Retomam o silêncio de antes. Um espectro nauseante os envolve. São todos homens de sangue. Em sua maioria, matando para os outros, como abatedores em um matadouro. Uns compram a morte; outros a vendem como mercadoria (MAIA, 2017, p. 29).
Fechada a temporada dos prêmios literários. A maioria dos concursos de expressão já apresentou seus ganhadores, em meio ao caos do mercado, ampliado pelo pedido de recuperação judicial de gigantes do setor varejista, o que compromete ainda mais a cadeia produtiva. O leitor é sempre o mais prejudicado, pois a diminuição do fluxo diminuirá sensivelmente as publicações, encarecerá o produto e por aí vai…
Em “De Gados e Homens”, trata com habilidade as relações de um “eu” contido em personagens sórdidos com outro “eu”, travestido de “não eu” sobre o qual a diegese deposita infortúnios de variada espécie. “É bom eu desmontar, seja o motor de um carro, um boi, uma onça ou uma casa, pois é capaz de demolir até paredes a golpes de martelo em poucas horas” (MAIA, 2013, p. 24). E assim promove o desmonte da humanidade idealizada que habita a pele sobre a qual se inscrevem outros discursos. O ciclo produtivo da carne é lembrado metaforicamente do pasto ao fast-food – quando a antropofagia atua de maneira conotativa, livre de qualquer lembrança que atormente o freguês, como se observa na sequência a seguir: “Lá na fábrica de hambúrgueres a brancura reflete uma paz que não existe, um clarão que cega a morte. Todos são matadores, cada um de uma espécie, executando sua função na linha de frente (p. 45).
Após a leitura do premiado “Assim na terra, como debaixo da terra”, deparo-me com outro personagem que atravessa de um livro a outro as narrativas de Ana Paula. Trata-se de Bronco Gil, filho de um homem branco com uma índia. Fruto de um estupro. “Bronco Gil não é um homem bom e sabe disso, não espera ser tratado de acordo com seu caráter, mas de acordo com sua conduta dentro dos muros” (MAIA, 2017, p. 27). “Enterre seus mortos” é de 2018, “Assim na Terra como debaixo da terra”, é de 2017; De Gados e homens é de 2013. Edgar Wilson aparece primeiro em 2013 e retorna em 2018, certo? Bronco Bil também surge em 2013 e reaparece em 2017.

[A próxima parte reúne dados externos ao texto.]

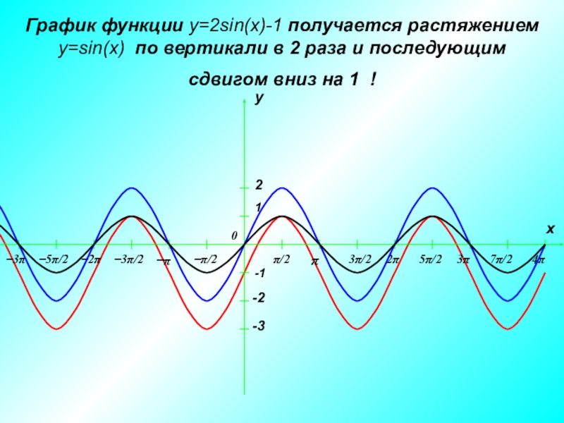 Слайд 8График функции y=2sin(x)-1 получается растяжением y=sin(x) по вертикали в 2 раза
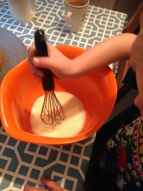 Mezclar el huevo, la leche y el aceite en un recipiente.

Lembro-me do livro de memórias de Pedro Nava. Não pelo conteúdo, mas pelo título que demonstra o poder da memória quando engaiolada em velhos corpos que pensam: “Baú de Ossos”. Já saboreio o futuro dessa artífice quando trouxer à tona as memórias de um tempo de escritora. Adivinho coisas boas por detrás da cortina; pareço sentir o cheiro de uma espécie de carvão que começo agora a perseguir. É esse o Brasil que a gente precisa, o que se esconde dentro das páginas de um bom livro, cuja criptografia tem sido obstáculo para as cabeças pensantes. Por um letramento de humildade e preocupação com a capacidade de se apaixonar pelos valores que o humanismo trouxe à tona, um dia…
MAIA, Ana Paula. De Gados e Homens. Rio de Janeiro: Record, 2013.
_____________. Assim na terra como debaixo da terra. Rio de Janeiro: Record, 2017.